• Exercise aim: Transcribe the whole listing without a single picture.

┄┄┄┄┄┄┄┄┄┄┄┄┄┄┄┄┄┄┄┄

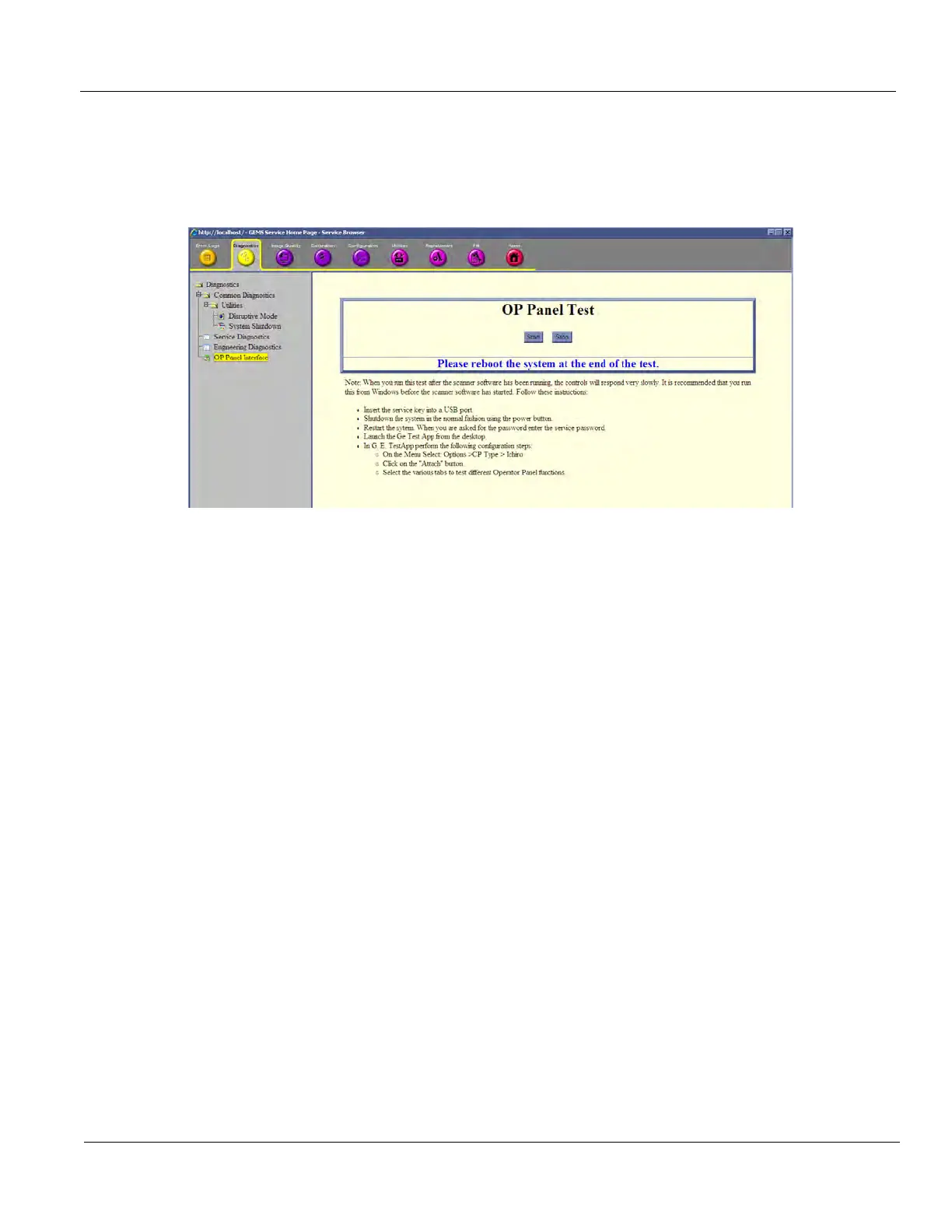 The Operator Panel functionality can be tested using a program (GE Test App) available through the
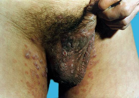 2.粘膜可见粘膜斑,肛周、外生殖器附近可发生增殖性的隆起性扁平丘疹,表面湿润,称扁平湿疣,内含大量梅毒螺旋体。
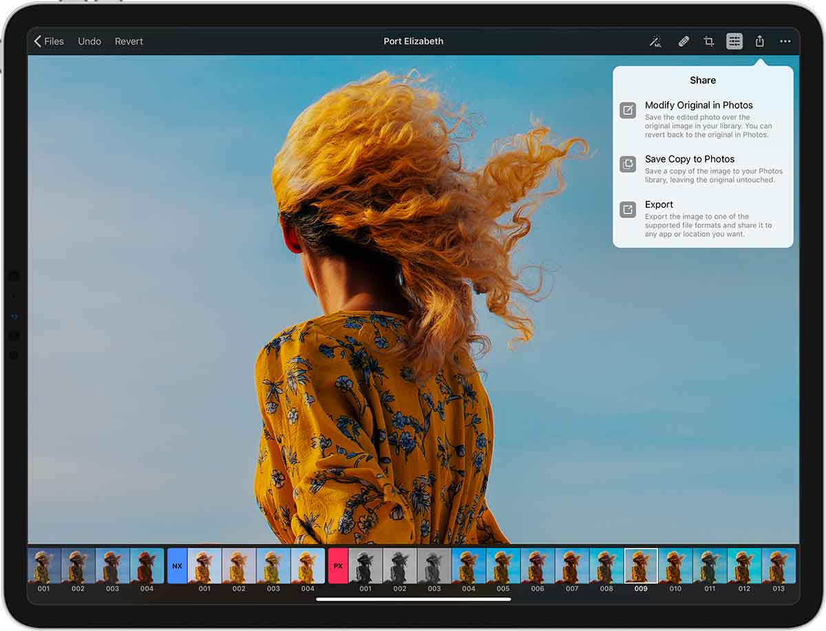 Pixelmator Photo, spiegano gli sviluppatori, offre ai fotografi tutti gli strumenti necessari per l’editing di foto su iPad, un insieme di strumenti non-distruttivi e di correzione di classe desktop (tipicamente disponibili solo su costose applicazioni per computer). I vari tool consentono di migliorare in vari modi le foto; è supportato il formato RAW ed è possibile sfruttare uno strumento denominato “Repair tool” per la rimozione di oggetti indesiderati, e vari preset per creare effetti ispirati a famose pellicole fotografiche di tipo analogico.
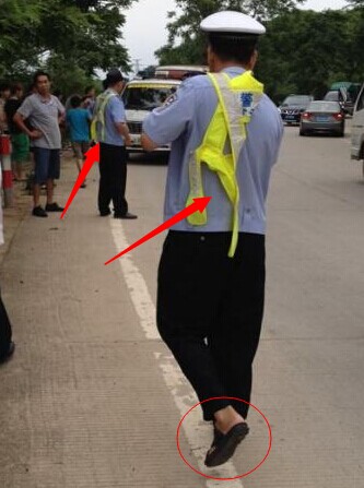 我们的交警叔叔 在执勤是否注意一下自己的形像.
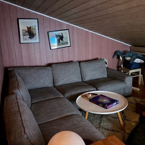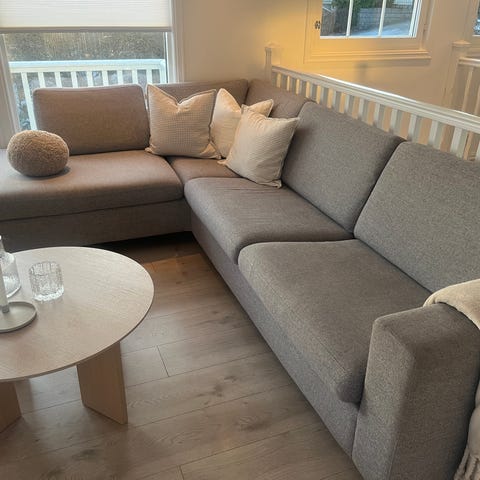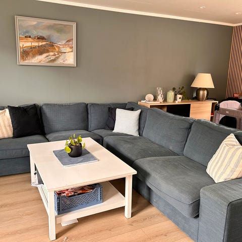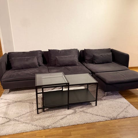 Sofa og puff fra IKEA (muligens Kivik) fra 2010/2011. Veldig god og behagelig å sitte i, og er relativt lite brukt etter 2012. Har en flekk (brus) på sjeselongen som muligens kan fjernes (uvisst når denne er fra). Tror det er mulig å bytte trekk på sofaen, men skal ikke si noe sikkert.
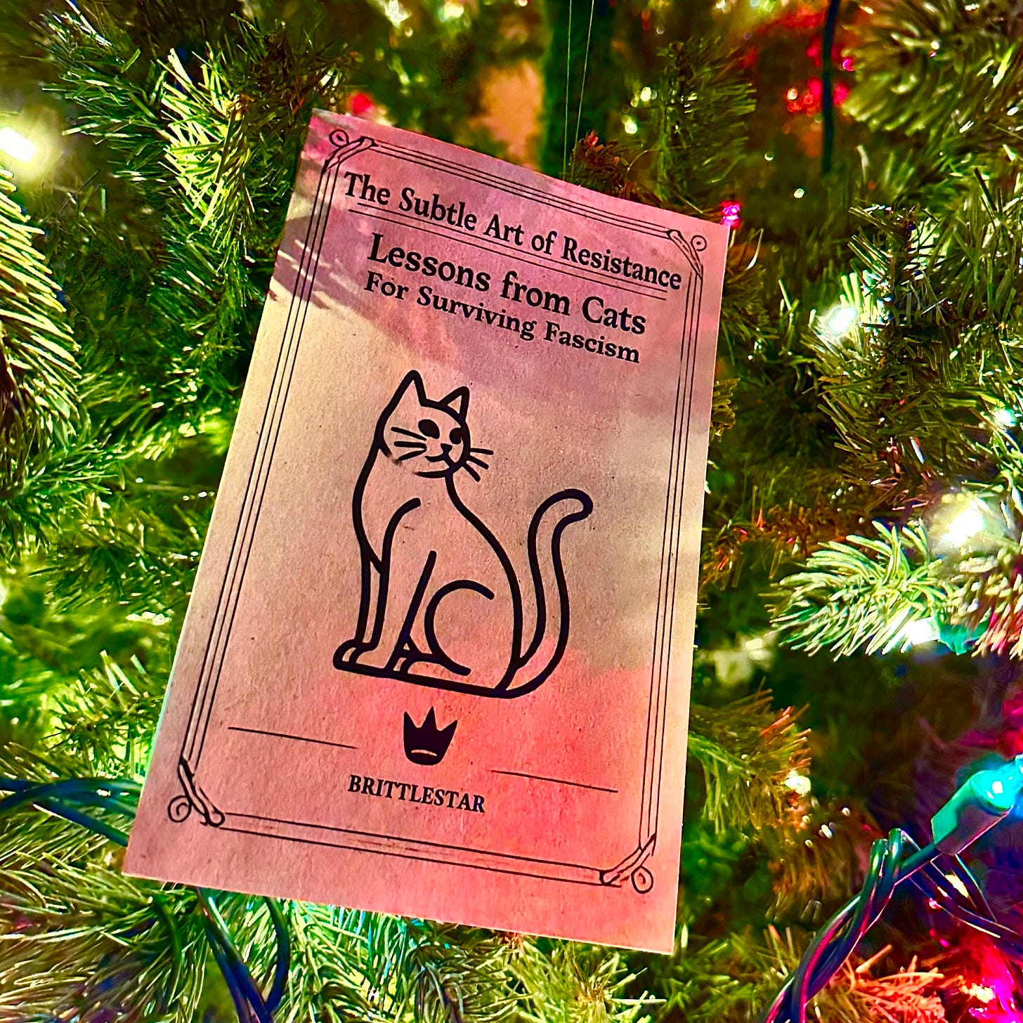 My book The Subtle Art of Resistance: Lessons from Cats For Surviving Fascism is a best seller in both the USA and Canada. It’s around ten bucks and makes a great inexpensive gift for the weird cat lover (and fascism hater) in your life.
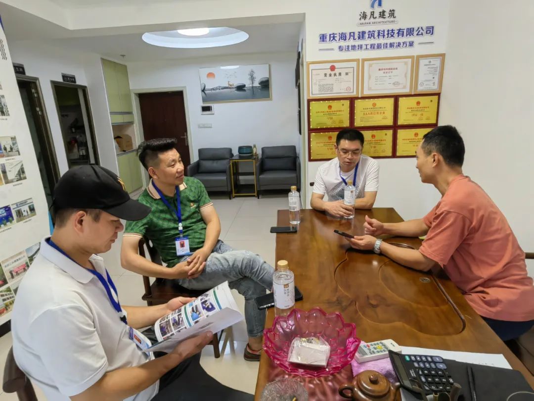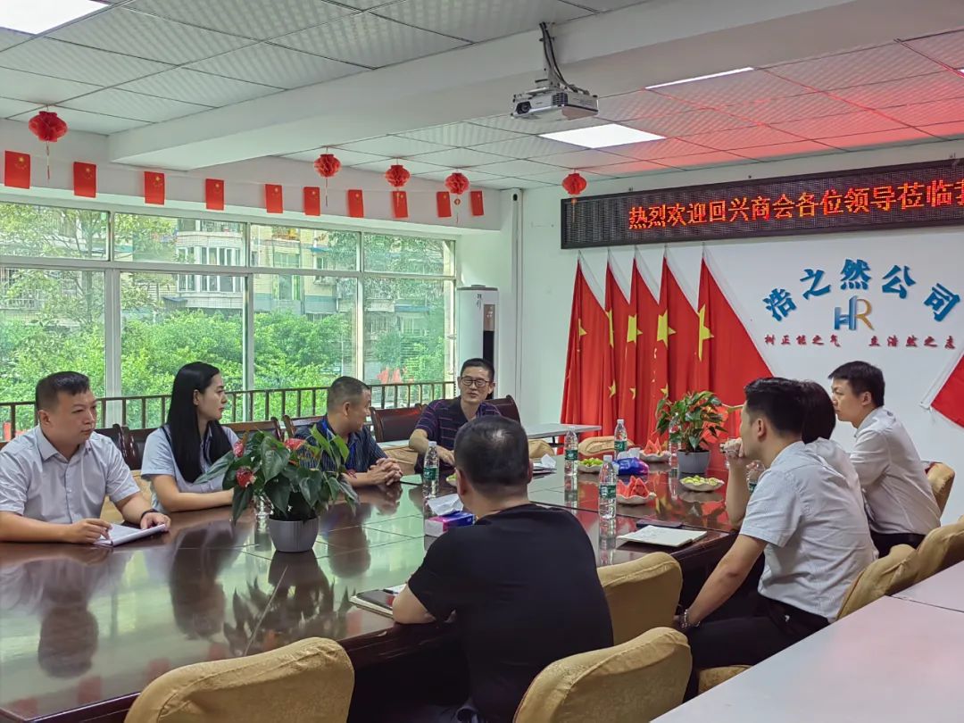 执行会长吴孝海、监事长、法律顾问黄海卿、中国银行回兴支行行长吕文斌、二组轮值会长走访重庆汇盛园林景观设计工程有限公司
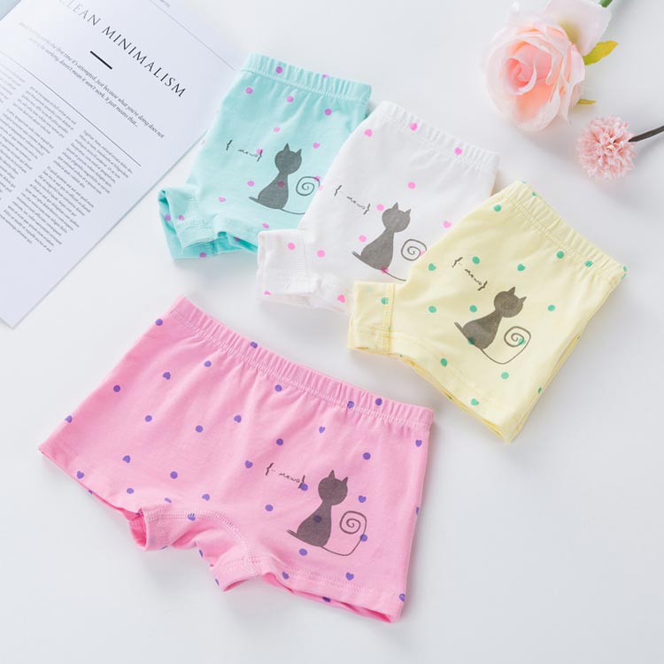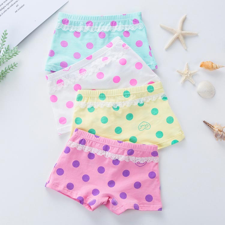ボクサーパンツ おしゃれ 4枚セット 保育園 子供用 ジュニア 4枚セット レース 女の子 キッズパンツ ドット柄 ショーツ パンツ かわいい ガールズ 柔らかい 肌に優しい 子供下着 柄入り 下着 ボクサー 可愛いパンツ 綿 女児

┄┄┄┄┄┄┄┄┄┄┄┄┄┄┄┄┄┄┄┄

• Answer to this problem:
 The Operator Panel functionality can be tested using a program (GE Test App) available through the
 2.粘膜可见粘膜斑,肛周、外生殖器附近可发生增殖性的隆起性扁平丘疹,表面湿润,称扁平湿疣,内含大量梅毒螺旋体。
 Pixelmator Photo, spiegano gli sviluppatori, offre ai fotografi tutti gli strumenti necessari per l’editing di foto su iPad, un insieme di strumenti non-distruttivi e di correzione di classe desktop (tipicamente disponibili solo su costose applicazioni per computer). I vari tool consentono di migliorare in vari modi le foto; è supportato il formato RAW ed è possibile sfruttare uno strumento denominato “Repair tool” per la rimozione di oggetti indesiderati, e vari preset per creare effetti ispirati a famose pellicole fotografiche di tipo analogico.
 我们的交警叔叔 在执勤是否注意一下自己的形像.
 Sofa og puff fra IKEA (muligens Kivik) fra 2010/2011. Veldig god og behagelig å sitte i, og er relativt lite brukt etter 2012. Har en flekk (brus) på sjeselongen som muligens kan fjernes (uvisst når denne er fra). Tror det er mulig å bytte trekk på sofaen, men skal ikke si noe sikkert.
 My book The Subtle Art of Resistance: Lessons from Cats For Surviving Fascism is a best seller in both the USA and Canada. It’s around ten bucks and makes a great inexpensive gift for the weird cat lover (and fascism hater) in your life.
 执行会长吴孝海、监事长、法律顾问黄海卿、中国银行回兴支行行长吕文斌、二组轮值会长走访重庆汇盛园林景观设计工程有限公司
ボクサーパンツ おしゃれ 4枚セット 保育園 子供用 ジュニア 4枚セット レース 女の子 キッズパンツ ドット柄 ショーツ パンツ かわいい ガールズ 柔らかい 肌に優しい 子供下着 柄入り 下着 ボクサー 可愛いパンツ 綿 女児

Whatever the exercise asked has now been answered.